Neptune ML limits - Amazon Neptune
Services or capabilities described in Amazon Web Services documentation might vary by Region. To see the differences applicable to the China Regions, see Getting Started with Amazon Web Services in China.

Neptune ML limits

  • Inference queries are only supported currently using the Gremlin query language.

  • The types of inference currently supported are node classification, node regression, edge classification, edge regression and link prediction (see Neptune ML capabilities).

  • The maximum graph size that Neptune ML can support depends on the amount of memory and storage required during data preparation, model training, and inference.

    • The maximum size of memory of a SageMaker data-processing instance is 768 GB. As a result, the data-processing stage fails if it needs more than 768 GB of memory.

    • The maximum size of memory of a SageMaker training instance is 732 GB. As a result, the training stage fails if it needs more than 732 GB of memory.

  • Neptune ML is currently available only in Regions where Neptune and the other services it depends on (such as Amazon Lambda, Amazon API Gateway and Amazon SageMaker) are all supported.

    There are differences in China (Beijing) and China (Ningxia) having to do with the default use of IAM authentication, as is explained here along with other differences.

  • The inference endpoints launched by Neptune ML currently can only return predictions for nodes that were present in the graph during training. For property graph models, you can update the inference endpoint to provide predictions for new nodes by following the incremental data inference workflow or the retraining workflow with the new data.

    For each supported task, the following nodes can appear in inference queries:

    • For vertex-property prediction (node classification or node regression), all vertices used in the queries must be available in the original graph, but the property to be predicted does not need to exist on all vertices.

    • For edge-property prediction (edge classification or edge regression), all incident vertices on the edges used in the queries must be available in the original graph, but the edge property to be predicted does not need to exist on all edges.

    • For link prediction (source or target vertex prediction), all vertices and edge types used in the queries must be available during training. Predictions for new edge types or vertices cannot be made.
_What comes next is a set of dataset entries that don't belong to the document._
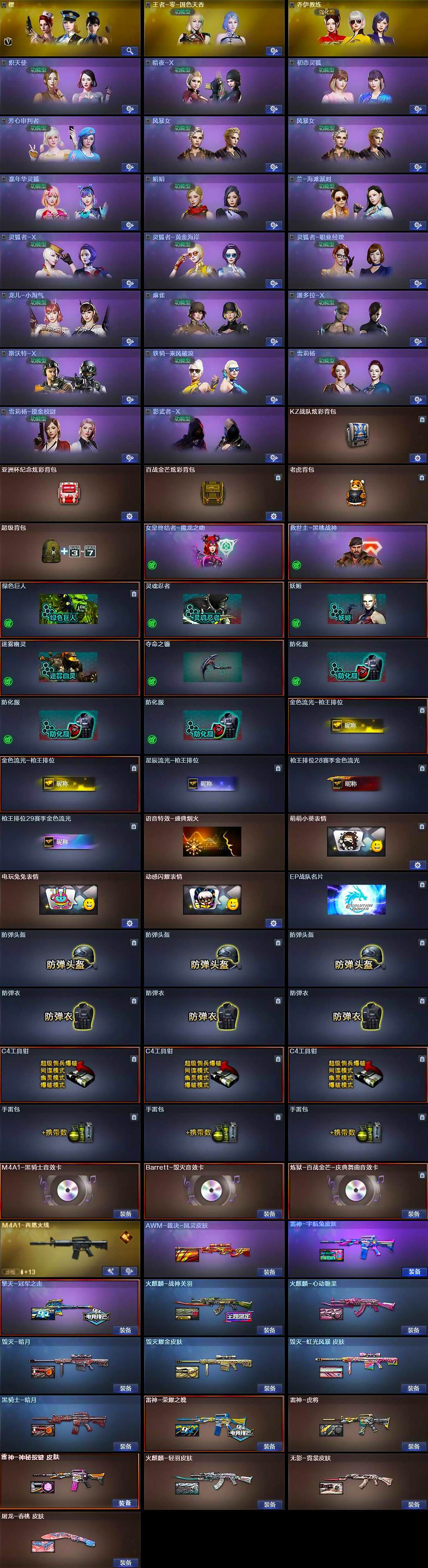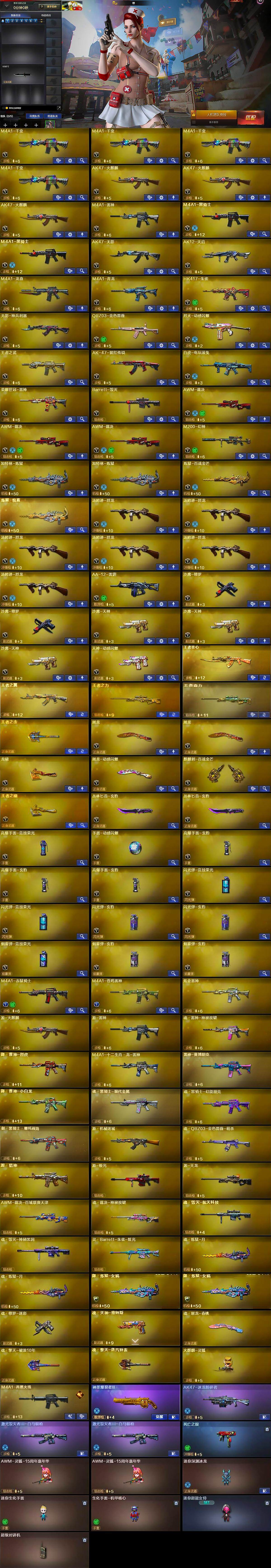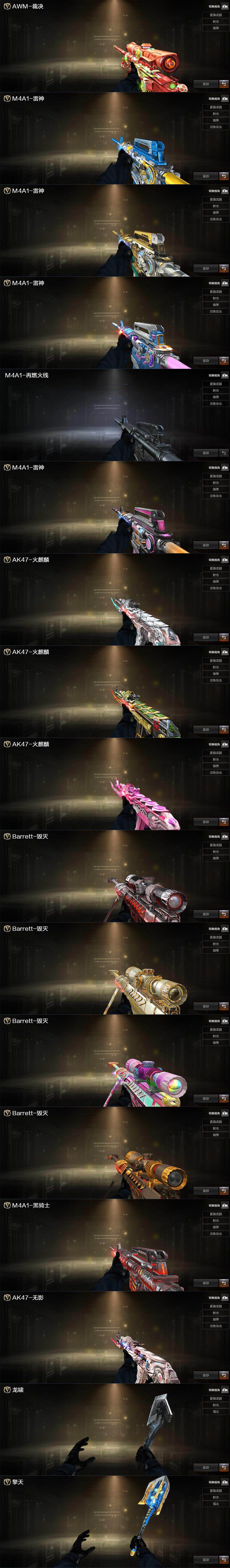 【英雄级武器】:M4A1-千变*4,AK47-火麒麟*3,M4A1-雷神,M4A1-黑骑士*2,AK47-无影,AK12-天启,M4A1-龙血,M4A1-青龙,HK417-朱雀,无影-神兵利器,QBZ03-金色蔷薇,烈火-动感闪耀,王者之武-觉醒版,AK-47-猩红传说,白虎-电玩蓝兔,荣耀世冠-雷神,Barrett-毁灭,AWM-裁决*3,M200-幻神,加特林-炼狱*2,炼狱-百战金芒,炼狱-悦蓝-觉醒版,汤姆逊-烈龙*6,AA-12-雷霆,沙鹰-修罗*2,沙鹰-天神*3,天神-动感闪耀,屠龙*2,龙啸,屠龙-动感闪耀,麒麟刺-百战金芒,王者之啸-觉醒版,丛林匕首-玄豹*2,高爆手雷-竞技荣光,手雷-动感闪耀,高爆手雷-玄豹*3,闪光弹-竞技荣光*2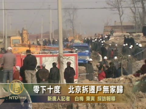 【新唐人2010年12月9日訊】北京已經是零下10度的氣候,不過一些房山區的居民,卻無家可歸。日前,他們的房子在賠償款還未談攏的情況下,被迫拆遷,共200多戶遭波及。現在,一些人只能選擇暫住在馬路邊。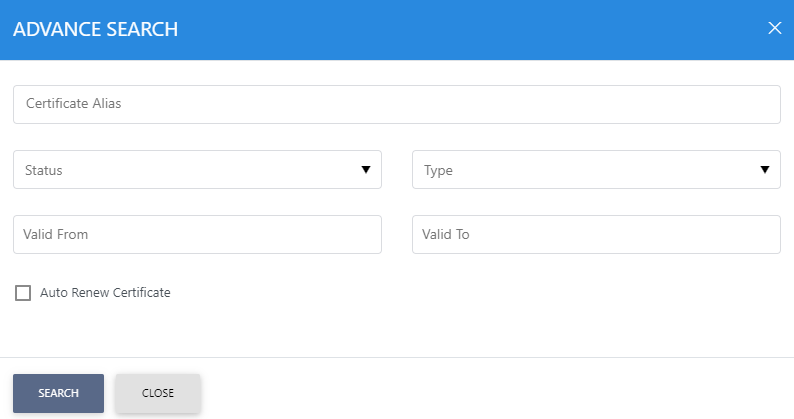 This helps to locate a particular type of certificate the Key Manager service may have issued. The certificate can be searched based on certificate alias, status, validity period or type. If a search is based on multiple values, then these will be combined together using the “AND” operand, and thus only records that meet all the criteria will be presented.

  • The KGE models supported by Neptune ML only work for link prediction tasks, and the representations are specific to vertices and edge types present in the graph during training. This means that all vertices and edge types referred to in an inference query must have been present in the graph during training. Predictions for new edge types or vertices cannot be made without retraining the model.

SageMaker resource limitations

Depending on your activities and resource usage over time, you may encounter error messages saying that you've exceeded your quota (ResourceLimitExceeded). and you need to scale up your SageMaker resources, follow the steps in the Request a service quota increase for SageMaker resources procedure on this page to request a quota increase from Amazon Support.

SageMaker resource names correspond to Neptune ML stages as follows:

  • The SageMaker ProcessingJob is used by Neptune data processing, model training, and model transform jobs.

  • The SageMaker HyperParameterTuningJob is used by Neptune model training jobs.

  • The SageMaker TrainingJob is used by Neptune model training jobs.

  • The SageMaker Endpoint is used by Neptune inference endpoints.